Five SAVOR 2012 Breweries We Wish Had Wider Distribution
Charlie Berger of Denver Beer Co.
Over the weekend, we were lucky enough to attend SAVOR, the Brewers Association’s annual craft beer and food festival. Along with the larger craft brands that help sponsor the event — think Sam Adams, Rogue and New Belgium — any of the nearly 2000 independent brewhouses in the U.S. can apply to present their wares. A lottery determines the final lineup each year, resulting in a wide variety of brewery types and sizes on display.

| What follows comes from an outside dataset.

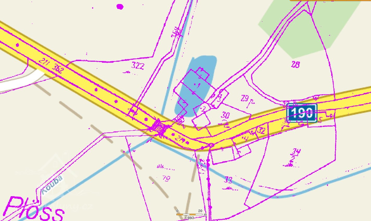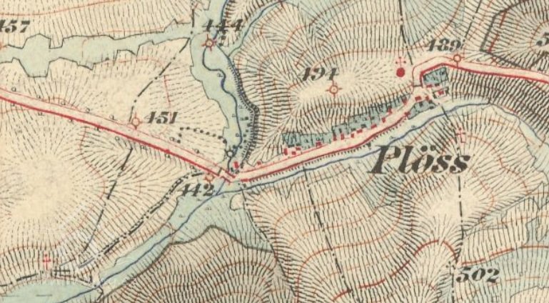 Seznam a mapa vodních děl republiky Československé 1930 : Chamský potok ( Kouba ) Pláně,  František Stauber, mlýn a pila, 1 kolo na svrchní vodu, 0,104-3,6-3,2.

This means when beer-lovers, writers and experts from across the country descend on the National Building Museum, several of the beers to sample aren’t usually available outside the breweries’ home states. That tease is one of the (fun) side effects of the craft beer boom, but several of the pours we tasted left us wishing we could easily try them again. Read on to check out five breweries we would love to see expand in the near future.
Capitol City Brewing Co.
After launching the first brewpub in Washington, D.C. since prohibition in 1992, founder David von Storch expanded his concise portfolio to a second, Arlington, VA location. After our taste buds were shocked to attention with a sip of head brewer Mike McCarthy’s cleverly titled Tripel/Double, we were left wishing the team would expand further. As the name suggests, this golden ale was a Belgian tripel and a double IPA, and somehow combined the sweet maltiness of the former with the bright bitters of the latter for a unique and pleasing sip. Another seasonal we’re itching to try is the Cherry Blossom Ale, made in honor of D.C.’s famous festival with over 300 pounds of real cherries.
Coop Ale Works
Only Oklahomans get to enjoy the creations of this Oklahoma City-based commercial brewery, founded in 2008. DNR is a worthy Belgian-style strong ale that hides its 10% ABV with aplomb. Complexity comes from dried fruit, cinnamon and vanilla that mixes with the Noble hops for an altogether pleasing, though powerful, sip. The team of head brewer Blake Jarolim and co-founders Mark Seibold, JD Merryweather and Daniel Mercer already have a production brewhouse in operation, so it shouldn’t be so tough for them to start crossing state lines. Please?
Denver Beer Co.
The cookie-campfire taste is so obvious in the Graham Cracker Porter from this Colorado-only brewery that when brewers Charlie Berger and Patrick teased they used actual graham crackers in the brewing process, we were tempted to believe them. This 5.9% ABV Great American Beer Fest bronze medal winner is one of their standards, and uses smoky malt and chocolate to achieve the flavor. Hitting the completely opposite side of the palate was the Kaffir Lime Wheat, a bright, lightly sour session sip that goes down smooth with a touch of tropical blossom, thanks to the exotic citrus. The brewery recently increased production, so there’s hope we’ll get our lips on more offerings sometime soon.
Odd Side Ales
True to their name, this Grand Haven, MI brewery produces beers that feature unusual flavors and combinations. Judging from the two that we tried, they avoid falling into the trap of gimmick, producing sips that are actually pleasant. Derelicte Pineapple IPA is not at all sweet (which we expected) with the namesake fruit adding just a touch of the tropics to the citrus and hops, creating a very refreshing — albeit 6.25% ABV — sip. On the other hand is the Mayan Mocha Stout, which tempers its obvious sweetness with a touch of chilli pepper for a well-rounded body and interesting finish.
Wilmantic Brewing Co.
From this brewpub and restaurant - located smack in the center of Connecticut along the banks of the Wilmantic River - we tried the Flowers Infusion. Brewer David Wollner’s saison is a winner for those who enjoy floral scents in the nose, thanks to the variety of buds used in the brew: hibiscus, calendula and rosebuds. There are just enough Marynka hops, however, to add a slight bite, and at 5.9% ABV, a touch of alcohol keeps the sip from being overly sweet. Pony Espresso Stout was the other option, and the seven-malt black ale is packed with three espresso infusions, creating a pick-me-up pour we wish was available at home.